This morning I realized that I haven’t done any pick-your-own-apples this year. At least to Americans, there is a mystique associated with apple trees and apple orchards. Johnny Appleseed, apple cider, and apple pie are as much the American experience as Friday night football and jazz. Apple Computer got its name because Steve Jobs had just returned from an apple farm and thought the name was fun and welcoming. Near my home, there is an apple orchard where people (me included) willingly pay an entrance fee for the privilege of picking their own apples. To their credit, the owners have turned their orchard into a bit of tourist destination, adding a corn maze, a small stage for folk singers, and few Halloween elements to the site. Still the reason that the place can get away with a fee is that most of the other apple orchards in the area are gone. They were situated too close to the edge of various towns and have given way to development. Across the Mississippi River from my home in La Crosse is La Crescent, Minnesota, the self-anointed Apple Capital of Minnesota. Today a visitor to the town would be confused by the nickname; the apple trees are few and far between. The community still holds its annual Applefest, but I think the apples for the event’s apple pies need to be trucked in. Most of the orchards are gone, replaced by subdivisions with street names like Red Apple Drive and McIntosh Road.
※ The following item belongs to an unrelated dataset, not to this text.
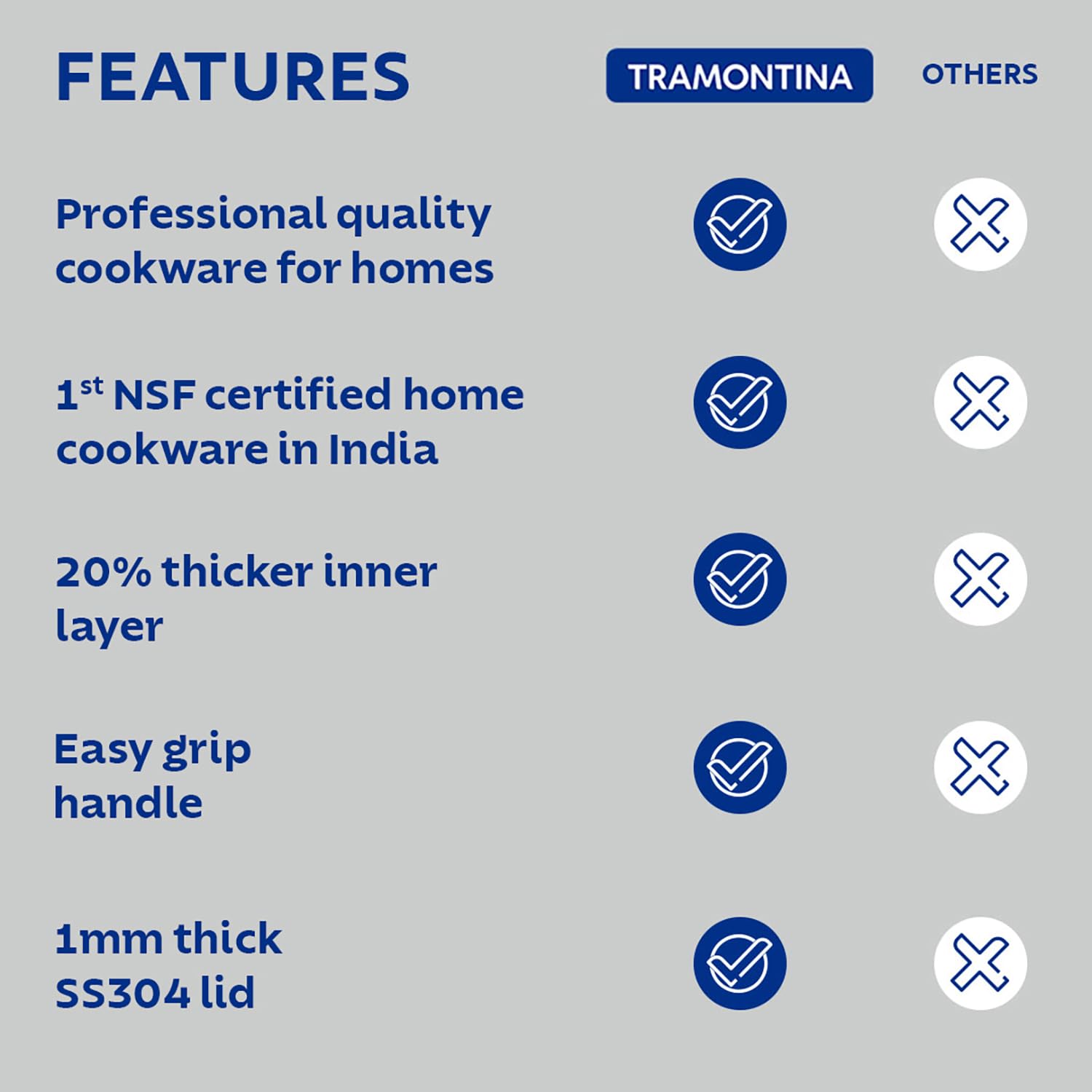 - NSF Certification: Tramontina Aeion debuts as an NSF Certified Home Usage cookware brand in India. Fitted with Stainless Steel Rivets facilitating antimicrobial properties, Tramontina Aeion Cookware Range assures worry-free cooking for years!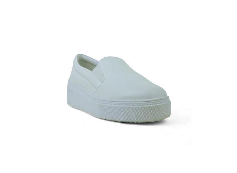 Tênis slip on couro feminino solado plano alto - DONA TUNICA, Branco,

Only somewhat related, I am reminded of my first autumn living in Taiwan. The cultural exchange guy at the American Institute in Taiwan invited a bunch of American expatriates to his home for a real Thanksgiving dinner. The American Institute in Taiwan (AIT) is the equivalent to an American embassy, except we can’t have an embassy in Taiwan because we don’t recognize Taiwan as an independent country. I wound up sitting next to a man who made his living by selling American agricultural products to Asians. This was 1991, and his focus at the time was delicious apples. In the United States, the state of Washington had gone all in on delicious apple trees just at a time when American tastes for apples had shifted to fuji, honeycrisp, and other varieties. His job was to dump the glut of cosmetically beautiful, but somewhat mushy, apples on someone else.